大ヒット作「東海道中膝栗毛」で一躍名を挙げてから書きに書きまくり、江戸で唯一の専業作家となった当代人気戯作者の十返舎一九ではありますが、一家は銭に窮する貧乏暮らし。 そこへ婚家を飛び出した北斎の娘のお栄が転がり込み、得体のしれない浪人者が居候し、我が物顔でのさばり始める始末。
長年の大酒が祟ってそろそろ身体に支障を来たし、偏屈や癇癪持ちに磨きのかかる一九を筆頭に、さながら奇人屋敷の様相を呈する我が家で、舞の過ごす“きりきり舞い”の日々。 パワフルで朗らかで気軽に楽しめるサクサク本。
常人離れした絵師も戯作者も、身内にとっては厄介な生き物に他なりませんが、そこを超越した家族や父娘の慈しみが、湿っぽくならずにサラッと温かく描かれていて、筆にも安定感があって、良質だと思いました。
筋立ての中で一九の前半生や出自の謎が紐解かれていくのですが、小田切土佐守との関係が 「そろそろ旅に」とは、また違った説を採っていて興味深いです。
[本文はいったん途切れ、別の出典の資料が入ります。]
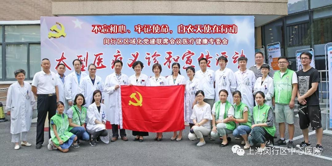 为全面学习贯彻落实党的十九大提出的健康中国战略,以区域化党建联建为平台,“中山医院-闵行”医联体建设为契机,2018年6月25日下午,闵行区中心医院党委等6家党组织在虹桥镇井亭邻里中心联合开展“不忘初心、牢记使命,白衣天使在行动”闵行区区域化党建联席会议医疗健康专委会主题活动暨“医联体党建搭平台 专家社区送健康”大型医疗义诊和宣传活动。

そういえば、北斎が吉良家の剣客であった小林平八郎の子孫だと自分で(笑)言い触らしていた史実に絡んだ小粋な怪談話が盛り込まれているのが高ポイント♪ (希代の引っ越し魔で居所知れずの北斎は、影や噂だけで実際には登場しなかったのがちょっと淋しい・・)
ただね。個人的にはキャラが微妙。 お栄に萎えてしまったのが痛かった。 いや、これはこれでありなんだと思うんだけど。 杉浦日向子さんや山本昌代さんの洗礼を浴びた身には、プシュ〜っといろんなもの(あからさまなファザコンぶりや、子供じみた意固地さ、いぢましさとか・・)が滲み出し過ぎるのが気に障ってしまいました。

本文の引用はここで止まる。